Apple gave away Plus for free for the first month, and in its first two days, it reportedly had about 200,000 subscribers, which is about what Texture had. But three months in, publishing execs who spoke for this article said the subscription revenue they'd gotten from the service was underwhelming based on two months of data after the trial ended.

Some publishers have called the revenue underwhelming

One publishing exec said Apple projected publishers would get 10 times the revenue they made from Texture at the end of Apple News Plus' first year. "It's one twentieth of what they said," the exec said. "It isn't coming true."

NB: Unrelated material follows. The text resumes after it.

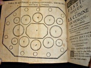 Deux parties en un volume in-12 relié (9 * 15,5 cm) plein veau, Première partie : Titre, des pages III à X pour l''Epître dédicatoire aux Dames de la Cour' et la préface, 1 feuillet non chiffré pour d'approbation, puis les tables et le privilèges courant de la page 17 à 27, 1 planche repliée hors texte : 'Table de quatorze à quinze couverts, servie de trois services à treize' puis xcijj pages Exemplaire de la bibliothèque de Jules Couët bibliothécaire archiviste de la Comédie-Française, avec son ex-libris « Du cabinet d'un vieux bibliophile » deuxième partie : 189 pages, 1 feuillet blanc, 24 pages de musique, 16 pages de table. Notice 360 de la bibliographie gastronomique de Vicaire. 'Ce premier recueil de recettes en chansons est dédié aux dames de la cour. L'auteur se dit officier de cuisine, applaudi pour son savoir-faire lors des festins de 1722, à l'occasion du sacre de Louis XV à Reims. Ses quelque cent quarante-cinq recettes témoignent de son expérience par leur exactitude et leur sobriété. Sur des airs en vogue, elles sont destinées à une table de douze à quinze couverts, servie en trois services de treize plats, ainsi qu'à un ambigu, recueil plus informel, où voisinent viandes et desserts. L'esprit du livre consiste à faire chanter la recette du cochon à la galantine sur l'air de Marie-Anne était coquette et celle de la noix de veau en fricandeaux glacés sur l'air de Beautez, plus friandes qu'un chat'. in « Livres en bouche » BNF, Hermann 2001. Catalogue commenté de l'exposition éponyme. Petites épidermures aux coins et sur les plats,quelques rousseurs, bon exemplaire.

Other publishers said their subscription revenue from Plus was lower than or on a par with what they got on Texture, which was small as a subscription driver to begin with.

Journal execs weren't available for comment for this article but an exec there said in June that Plus had had minimal impact on the Journal's existing subscription business.

"We're very comfortable - it hasn't had much of an impact on the core business," Suzi Watford said at the time. "It is a very different experience reading The Wall Street Journal on Apple News versus reading it on our platform."

Apple declined to comment for this story.

Some publishing execs said Apple News' team had solicited input from them in meetings since the product's launch. Those meetings have included Peter Stern, an Apple VP working on its cloud services; and Liz Schimel, head of news business at Apple News.

People in those meetings said Apple acknowledged to them that users were confused about the difference between the free articles and the new paid content in Apple News.

"They said users are concerned about what is free and not," one publishing exec said.

Publishers also discussed workflow concerns. Some said the app's magazine-centric layout wasn't well-suited to news content. Execs also said they wanted Apple to make it easier for them to convert their magazine content for the app. Another wanted the app to encourage users to spend more time in a given publication, since publications are paid based on the time users spend with them.

Apple is on a listening tour and tweaking the product

Apple said it's working on making the product more intuitive for users while addressing publisher-side concerns, the execs said.

Some expressed surprise that while Apple is known for taking a perfectionist approach toward its phones and other hardware, Apple News Plus seemed to be unfinished. An opening for Apple News subscriptions marketing lead on LinkedIn wasn't posted until May 8, two weeks after the product launched, and was still open as of June 28. Apple doesn't seem to have promoted Plus apart from putting Plus-labeled stories in front of users of the free part of Apple News.

"I don't think they're putting their full effort behind it," one exec said.

Some publishers nevertheless remain optimistic that there's a big chance to sell a lot of magazine subscriptions through Apple if it really promotes Plus and works out the kinks. Some made comparisons with Apple Music, which launched back in 2015 but reportedly surpassed Spotify in the US earlier this year. (The rebuttal to that is that there's no natural demand for Plus as there is with music, though. As one exec said: "No one wants all-you-can-eat magazine content.")

Andy Wilson, SVP at Meredith, with mass-market magazines like Better Homes and Gardens and Parents, said the publisher had dedicated a 15- to 20-person team, the size of a small website staff, to make sure its 30-plus magazines looked as good as possible when they appeared in Plus.

"I think it's a significant opportunity to lean into a premium product and present it in a mobile format," he said.